MARTINA MELI is a master’s in computer information systems student whose work is seeking to create an algorithm that can automatically replace complicated words with simpler ones, helping non-native speakers and those with learning difficulties read in Maltese. Here, we see how she’s using artificial intelligence to turn this vision into reality.
Language is one of the most powerful communication tools we have as it defines the way we interact with other human beings, learn new things, and receive information. Even so, as anyone who’s ever learnt a second or third language would know, reading in that new language can sometimes feel tedious as complicated words force us to spend more time researching their meaning rather than understanding the context of the piece. But what if software could make life easier by automatically replacing these pesky words with simpler ones?
“Lexical Simplification (LS) is the process of replacing complex words in a sentence with simpler substitutes while ensuring that meaning remains unchanged,” says Martina, a full-time master’s student at the Faculty of ICT. “Yet, despite the existence of such LS systems in other languages, there is no similar technology for content written in Maltese.”
This is why Martina’s research proposes an LS system for Maltese content. Called Supporting Maltese Content Accessibility Through Lexical Simplification, this project is, in theory, straightforward: the system would discover complex words in Maltese, such as ‘ħolistiku’ (holistic), and replace them with simpler terms, like ‘sħiħ’ or ‘komplut’. But, as one can imagine, creating a system that can do this is not child’s play.
“We were required to develop an algorithm for potential complex word identification, substitute generation, substitute selection, and substitute ranking. So, to start off with, we got permission to compile a database of sentences from four Maltese news websites, namely TVM News, Newsbook, One, and Illum. These were then split into two sets of 20: the dev set, which is used to tune the system and find its optimal parameters, and the test set, used for testing and evaluating the system’s output.”
Martina then had to create a number of filters due to the subjectiveness of whether a word can be considered complicated or not. She started by giving each word a speech tag that specifies whether it’s a verb, noun, adjective, or adverb. She then moved on to exclude certain words from ever being replaced, such as people’s titles (Ms, Dr, Professor, etc), words that are spelt the same way in both English and Maltese, and titles of books, films, organisations, and so on.
Then, to help with generating substitute words, Martina used BERTu, a Maltese monolingual model that is trained on a Maltese corpus (a dataset of raw Maltese sentences). This software also assigns a number of tokens to words, for example, the word ‘jien’ (I) would be assigned one token, but ‘edukazzjoni’ (education) would have two or three.
The final piece in the jigsaw puzzle was the substitute ranking, which means that both the target word and the substitute are given a score based on several factors, including character count, frequency, and probability of it replacing the target word.
When all this is completed, the system can use Assistive Technology (AT) to help readers understand text with uncommon words or phrases. But this can do more than just help non-native speakers.
“The system will also allow users to pick the substitute that they feel works best for them through a drop-down menu.

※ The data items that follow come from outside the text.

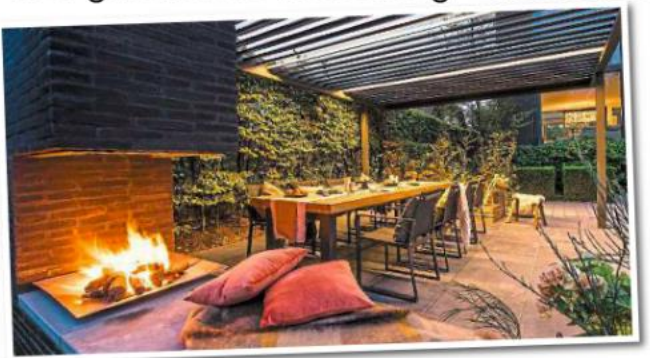
High life: Roof gardens have become ever more popular during the pandemic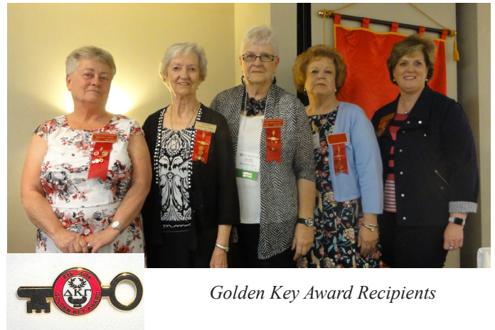
Golden Key Award Recipients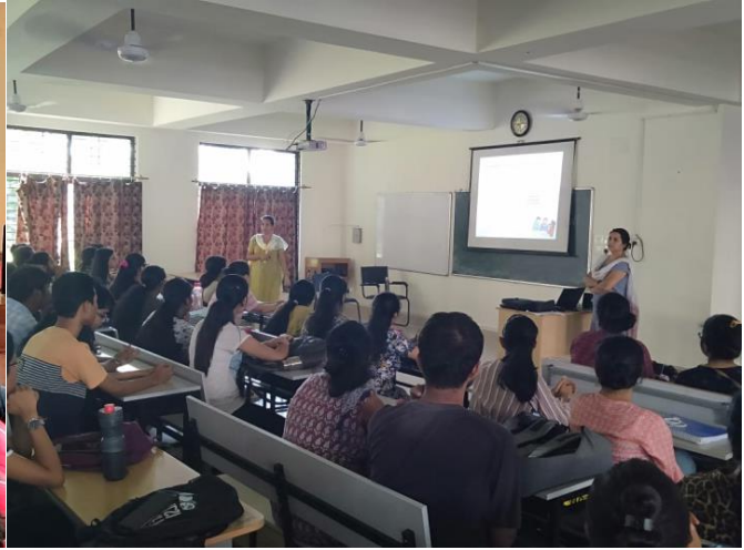
Gender Sensitisation Programme organised for the Students and Staffs of Department of EFL on 22 nd August 2019

Older generations, for example, may prefer to have a substitute that’s of Semitic origins, while readers with autism may prefer shorter or longer substitutes.”
Now that the algorithm has been completed, Martina has packaged it as a browser-based extension, turning something that is innately complex into something that is extremely easy to use. Indeed, what we particularly like about this project is how it takes people’s differences and needs into consideration, which is an integral part of an any ICT project.